» **Exercise requirements**
Pictures appear among the records. Write out all else exactly as it stands.

*** Block opens ***

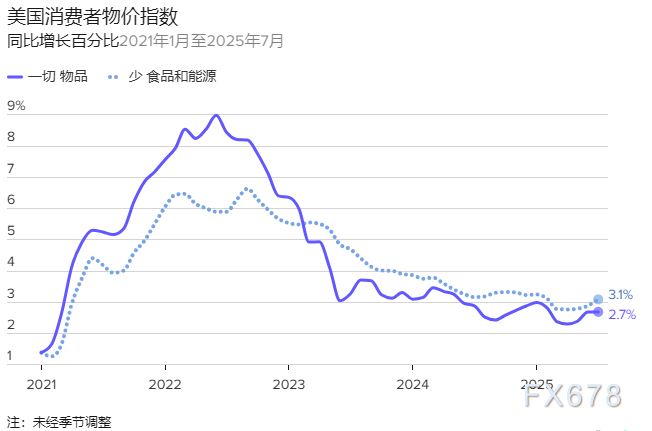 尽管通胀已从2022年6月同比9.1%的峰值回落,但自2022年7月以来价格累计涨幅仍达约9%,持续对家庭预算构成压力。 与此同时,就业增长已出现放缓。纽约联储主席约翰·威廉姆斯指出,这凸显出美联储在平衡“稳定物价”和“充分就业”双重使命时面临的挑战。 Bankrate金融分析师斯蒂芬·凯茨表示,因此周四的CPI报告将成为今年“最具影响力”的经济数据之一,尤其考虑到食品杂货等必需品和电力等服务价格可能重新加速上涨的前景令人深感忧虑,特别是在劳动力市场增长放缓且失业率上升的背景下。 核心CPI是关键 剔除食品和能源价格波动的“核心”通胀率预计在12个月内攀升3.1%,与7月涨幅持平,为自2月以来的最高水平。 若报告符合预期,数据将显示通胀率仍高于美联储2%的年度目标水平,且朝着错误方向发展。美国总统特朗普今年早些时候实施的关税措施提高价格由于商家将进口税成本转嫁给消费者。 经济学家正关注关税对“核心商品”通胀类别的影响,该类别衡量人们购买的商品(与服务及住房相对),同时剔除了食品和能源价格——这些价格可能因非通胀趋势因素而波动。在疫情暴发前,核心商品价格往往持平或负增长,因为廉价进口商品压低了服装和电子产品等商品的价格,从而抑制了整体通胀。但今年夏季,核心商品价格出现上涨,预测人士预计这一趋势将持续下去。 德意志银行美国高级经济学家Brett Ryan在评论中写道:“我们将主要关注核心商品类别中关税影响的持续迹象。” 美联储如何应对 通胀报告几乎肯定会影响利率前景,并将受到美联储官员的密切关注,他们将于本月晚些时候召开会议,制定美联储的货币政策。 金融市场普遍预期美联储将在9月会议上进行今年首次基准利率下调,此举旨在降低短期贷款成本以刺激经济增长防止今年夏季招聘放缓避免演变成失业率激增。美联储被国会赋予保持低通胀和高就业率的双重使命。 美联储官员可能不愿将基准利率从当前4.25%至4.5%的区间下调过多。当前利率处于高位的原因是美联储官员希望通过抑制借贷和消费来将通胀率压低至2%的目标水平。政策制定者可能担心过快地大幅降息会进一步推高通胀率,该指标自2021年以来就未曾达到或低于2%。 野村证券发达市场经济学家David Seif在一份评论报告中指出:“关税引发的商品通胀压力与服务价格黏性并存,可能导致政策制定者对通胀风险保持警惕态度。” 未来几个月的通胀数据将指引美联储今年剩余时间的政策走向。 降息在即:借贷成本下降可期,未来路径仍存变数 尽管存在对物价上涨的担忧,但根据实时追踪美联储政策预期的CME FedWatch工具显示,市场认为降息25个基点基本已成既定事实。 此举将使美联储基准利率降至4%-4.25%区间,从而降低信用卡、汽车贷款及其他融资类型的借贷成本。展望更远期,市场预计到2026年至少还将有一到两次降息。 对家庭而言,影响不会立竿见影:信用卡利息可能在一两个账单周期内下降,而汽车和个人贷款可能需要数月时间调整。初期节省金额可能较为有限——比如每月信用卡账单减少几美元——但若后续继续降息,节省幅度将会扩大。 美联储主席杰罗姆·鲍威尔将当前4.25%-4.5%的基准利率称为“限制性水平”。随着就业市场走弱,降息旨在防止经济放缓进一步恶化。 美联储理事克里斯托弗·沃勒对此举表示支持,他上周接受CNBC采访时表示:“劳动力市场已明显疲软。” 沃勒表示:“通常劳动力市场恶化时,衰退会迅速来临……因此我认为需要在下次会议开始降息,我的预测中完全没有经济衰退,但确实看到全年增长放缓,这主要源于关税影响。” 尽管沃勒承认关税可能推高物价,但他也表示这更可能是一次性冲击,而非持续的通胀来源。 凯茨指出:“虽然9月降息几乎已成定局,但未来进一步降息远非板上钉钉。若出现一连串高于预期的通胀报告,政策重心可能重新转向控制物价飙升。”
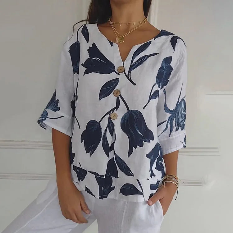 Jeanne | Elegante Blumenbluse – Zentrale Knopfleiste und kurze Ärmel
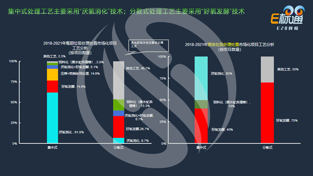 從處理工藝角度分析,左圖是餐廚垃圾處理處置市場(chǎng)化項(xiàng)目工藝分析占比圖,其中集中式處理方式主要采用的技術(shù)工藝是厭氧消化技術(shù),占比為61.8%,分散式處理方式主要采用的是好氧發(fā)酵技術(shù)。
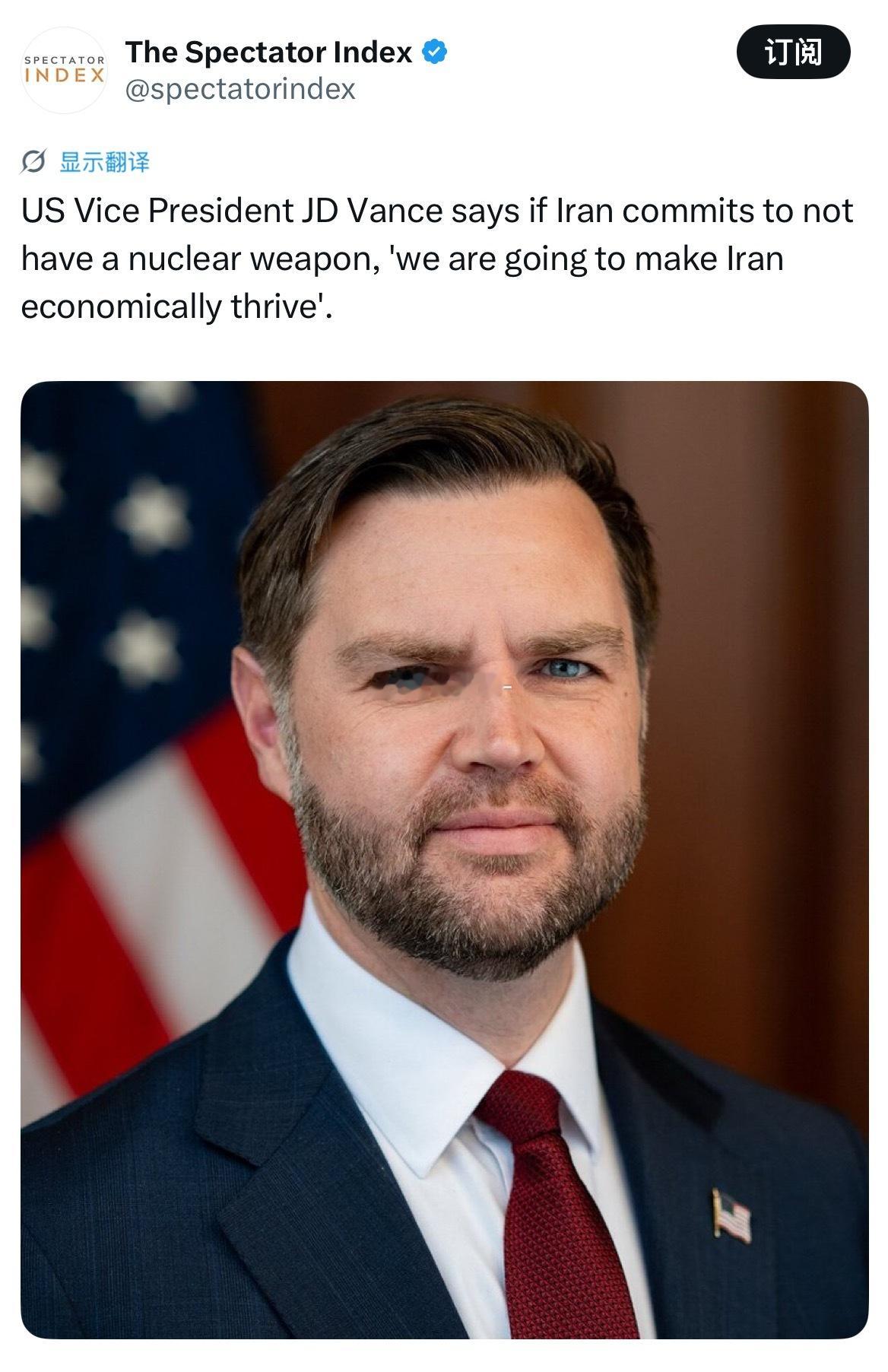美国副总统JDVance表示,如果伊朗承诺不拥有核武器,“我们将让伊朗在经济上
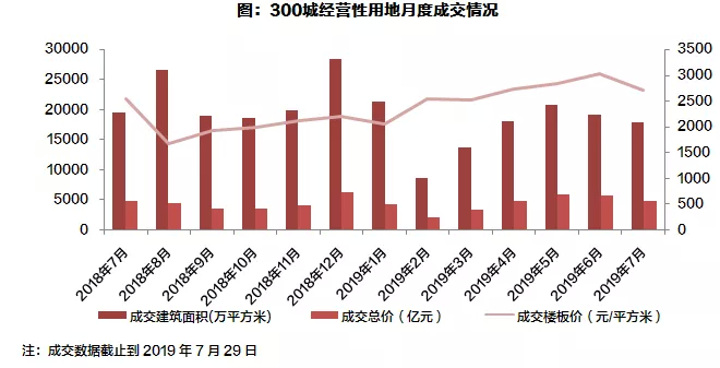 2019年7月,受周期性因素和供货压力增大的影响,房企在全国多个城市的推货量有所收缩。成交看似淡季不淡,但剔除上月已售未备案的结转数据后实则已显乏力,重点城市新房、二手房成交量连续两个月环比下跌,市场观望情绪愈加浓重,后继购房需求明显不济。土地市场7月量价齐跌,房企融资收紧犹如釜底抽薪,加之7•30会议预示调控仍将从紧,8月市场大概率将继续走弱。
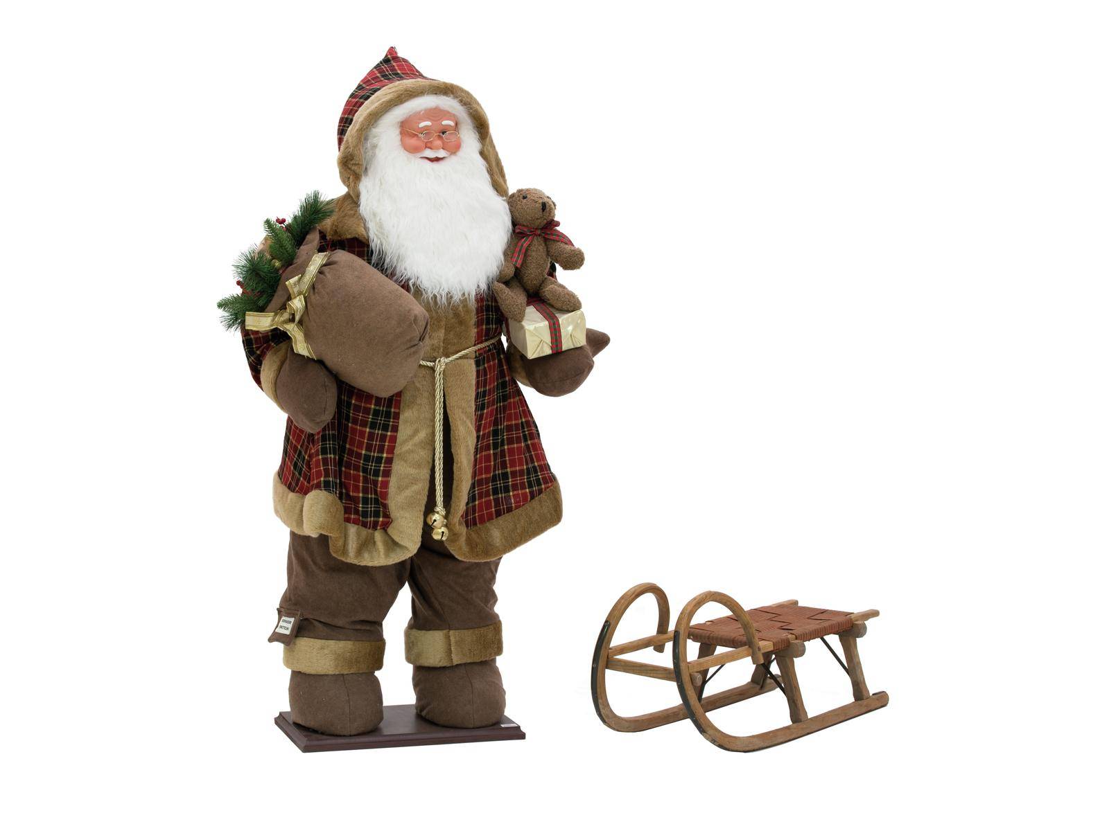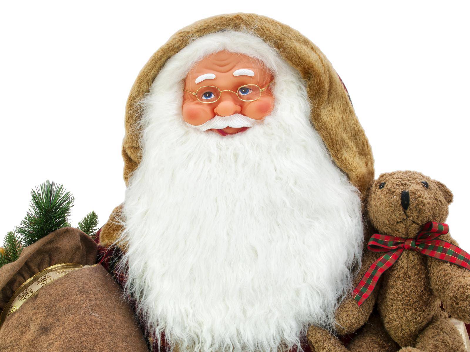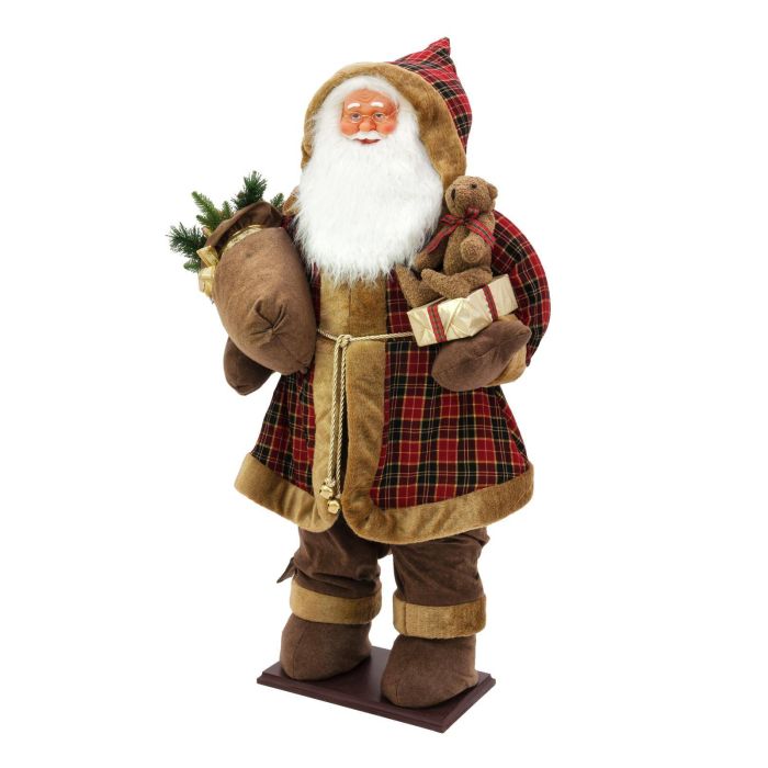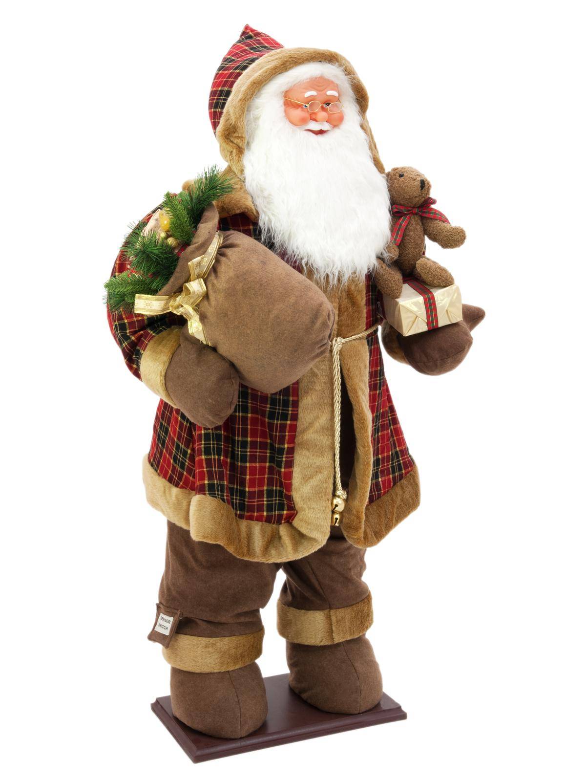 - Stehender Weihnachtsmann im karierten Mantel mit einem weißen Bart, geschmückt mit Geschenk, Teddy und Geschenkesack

*** Block closes ***

» **Response to this task**
 尽管通胀已从2022年6月同比9.1%的峰值回落,但自2022年7月以来价格累计涨幅仍达约9%,持续对家庭预算构成压力。 与此同时,就业增长已出现放缓。纽约联储主席约翰·威廉姆斯指出,这凸显出美联储在平衡“稳定物价”和“充分就业”双重使命时面临的挑战。 Bankrate金融分析师斯蒂芬·凯茨表示,因此周四的CPI报告将成为今年“最具影响力”的经济数据之一,尤其考虑到食品杂货等必需品和电力等服务价格可能重新加速上涨的前景令人深感忧虑,特别是在劳动力市场增长放缓且失业率上升的背景下。 核心CPI是关键 剔除食品和能源价格波动的“核心”通胀率预计在12个月内攀升3.1%,与7月涨幅持平,为自2月以来的最高水平。 若报告符合预期,数据将显示通胀率仍高于美联储2%的年度目标水平,且朝着错误方向发展。美国总统特朗普今年早些时候实施的关税措施提高价格由于商家将进口税成本转嫁给消费者。 经济学家正关注关税对“核心商品”通胀类别的影响,该类别衡量人们购买的商品(与服务及住房相对),同时剔除了食品和能源价格——这些价格可能因非通胀趋势因素而波动。在疫情暴发前,核心商品价格往往持平或负增长,因为廉价进口商品压低了服装和电子产品等商品的价格,从而抑制了整体通胀。但今年夏季,核心商品价格出现上涨,预测人士预计这一趋势将持续下去。 德意志银行美国高级经济学家Brett Ryan在评论中写道:“我们将主要关注核心商品类别中关税影响的持续迹象。” 美联储如何应对 通胀报告几乎肯定会影响利率前景,并将受到美联储官员的密切关注,他们将于本月晚些时候召开会议,制定美联储的货币政策。 金融市场普遍预期美联储将在9月会议上进行今年首次基准利率下调,此举旨在降低短期贷款成本以刺激经济增长防止今年夏季招聘放缓避免演变成失业率激增。美联储被国会赋予保持低通胀和高就业率的双重使命。 美联储官员可能不愿将基准利率从当前4.25%至4.5%的区间下调过多。当前利率处于高位的原因是美联储官员希望通过抑制借贷和消费来将通胀率压低至2%的目标水平。政策制定者可能担心过快地大幅降息会进一步推高通胀率,该指标自2021年以来就未曾达到或低于2%。 野村证券发达市场经济学家David Seif在一份评论报告中指出:“关税引发的商品通胀压力与服务价格黏性并存,可能导致政策制定者对通胀风险保持警惕态度。” 未来几个月的通胀数据将指引美联储今年剩余时间的政策走向。 降息在即:借贷成本下降可期,未来路径仍存变数 尽管存在对物价上涨的担忧,但根据实时追踪美联储政策预期的CME FedWatch工具显示,市场认为降息25个基点基本已成既定事实。 此举将使美联储基准利率降至4%-4.25%区间,从而降低信用卡、汽车贷款及其他融资类型的借贷成本。展望更远期,市场预计到2026年至少还将有一到两次降息。 对家庭而言,影响不会立竿见影:信用卡利息可能在一两个账单周期内下降,而汽车和个人贷款可能需要数月时间调整。初期节省金额可能较为有限——比如每月信用卡账单减少几美元——但若后续继续降息,节省幅度将会扩大。 美联储主席杰罗姆·鲍威尔将当前4.25%-4.5%的基准利率称为“限制性水平”。随着就业市场走弱,降息旨在防止经济放缓进一步恶化。 美联储理事克里斯托弗·沃勒对此举表示支持,他上周接受CNBC采访时表示:“劳动力市场已明显疲软。” 沃勒表示:“通常劳动力市场恶化时,衰退会迅速来临……因此我认为需要在下次会议开始降息,我的预测中完全没有经济衰退,但确实看到全年增长放缓,这主要源于关税影响。” 尽管沃勒承认关税可能推高物价,但他也表示这更可能是一次性冲击,而非持续的通胀来源。 凯茨指出:“虽然9月降息几乎已成定局,但未来进一步降息远非板上钉钉。若出现一连串高于预期的通胀报告,政策重心可能重新转向控制物价飙升。”
 Jeanne | Elegante Blumenbluse – Zentrale Knopfleiste und kurze Ärmel
 從處理工藝角度分析,左圖是餐廚垃圾處理處置市場(chǎng)化項(xiàng)目工藝分析占比圖,其中集中式處理方式主要采用的技術(shù)工藝是厭氧消化技術(shù),占比為61.8%,分散式處理方式主要采用的是好氧發(fā)酵技術(shù)。
美国副总统JDVance表示,如果伊朗承诺不拥有核武器,“我们将让伊朗在经济上
 2019年7月,受周期性因素和供货压力增大的影响,房企在全国多个城市的推货量有所收缩。成交看似淡季不淡,但剔除上月已售未备案的结转数据后实则已显乏力,重点城市新房、二手房成交量连续两个月环比下跌,市场观望情绪愈加浓重,后继购房需求明显不济。土地市场7月量价齐跌,房企融资收紧犹如釜底抽薪,加之7•30会议预示调控仍将从紧,8月市场大概率将继续走弱。
 - Stehender Weihnachtsmann im karierten Mantel mit einem weißen Bart, geschmückt mit Geschenk, Teddy und Geschenkesack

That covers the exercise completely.